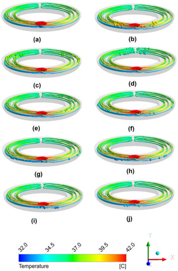 The streamlines determine the observed circulation pattern during the transient simulation when a stable flow pattern emerges. In addition to identifying the pool’s temperature, the streamlines comprise markers indicating the direction of movement. In summary, the facets of the tunnelling phenomenon consist of a heated plume rising from the region of the sparger (Figure 8a), expanding circumferentially (Figure 8b,c), sinking at the opposite ends of the sparger (Figure 8d), and returning to the sparger at a lower height (Figure 8e–j). Even though this is a basic description, the established flow pattern is more complicated, with several recirculation patterns and stagnant zones.
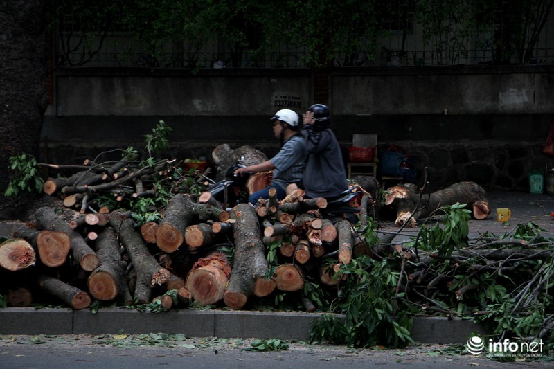 Do con đường có mật độ xe lớn nên ngay sau khi hạ xuống, thân và cành cây lập tức được cắt khúc và đưa đi để tránh ùn tắc giao thông. Theo thành phố, số gỗ có được sẽ dùng vào việc tu bổ các công trình kiến trúc cổ, hoặc làm ghế đặt tại các công viên. |
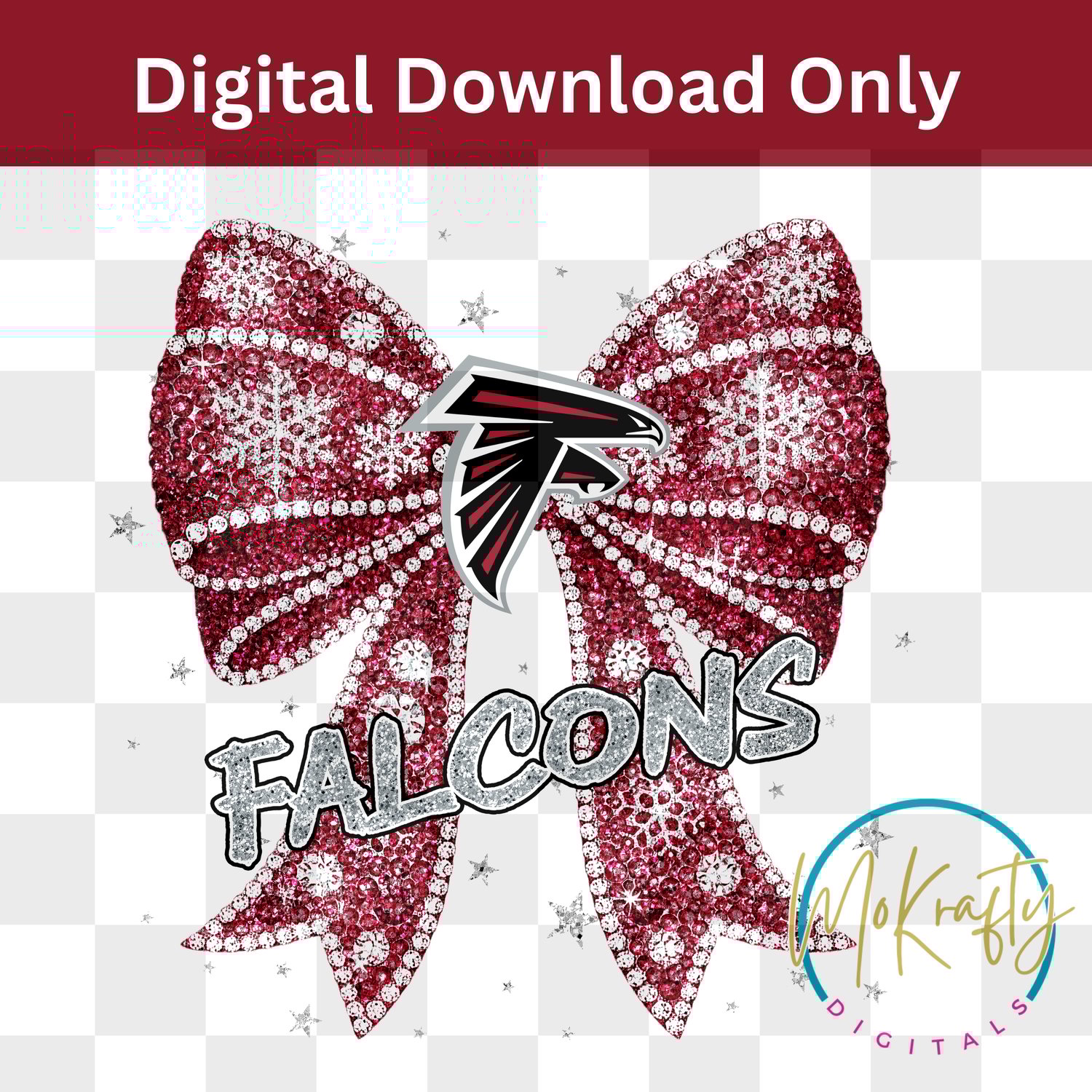 Bring full glam energy to game day with this sparkly rhinestone bow design featuring the FALCONS colors and mascot. Perfect for shirts, tumblers, hoodies, stickers, fans, and custom game-day merch.
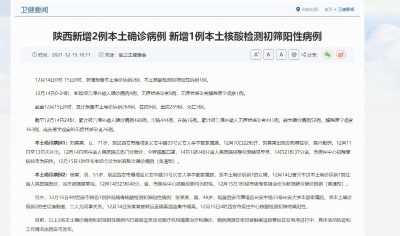 本土确诊病例1:刘某某,女,71岁,现居西安市雁塔区长安中路33号长安大学本部家属院。12月10日22时许,刘某某出现发热等症状,自行服药。12月11日至13日未外出。12月14日前往省人民医院发热门诊就诊,全程佩戴口罩,14日16时40分省人民医院核酸检测结果异常,14日21时37分省、市疾控中心核酸复核结果为阳性。12月15日1时经专家组会诊为新冠肺炎确诊病例(普通型)。
· · · · · · ·
- [WHAT THIS TASK INVOLVES]: Leaving out all pictures, set down exactly the lines of the material above, from the line with "Do con đường" to the line with "Bring full glam" inclusive, and no others.

- [WRITTEN ANSWER]:
 Do con đường có mật độ xe lớn nên ngay sau khi hạ xuống, thân và cành cây lập tức được cắt khúc và đưa đi để tránh ùn tắc giao thông. Theo thành phố, số gỗ có được sẽ dùng vào việc tu bổ các công trình kiến trúc cổ, hoặc làm ghế đặt tại các công viên. |
 Bring full glam energy to game day with this sparkly rhinestone bow design featuring the FALCONS colors and mascot. Perfect for shirts, tumblers, hoodies, stickers, fans, and custom game-day merch.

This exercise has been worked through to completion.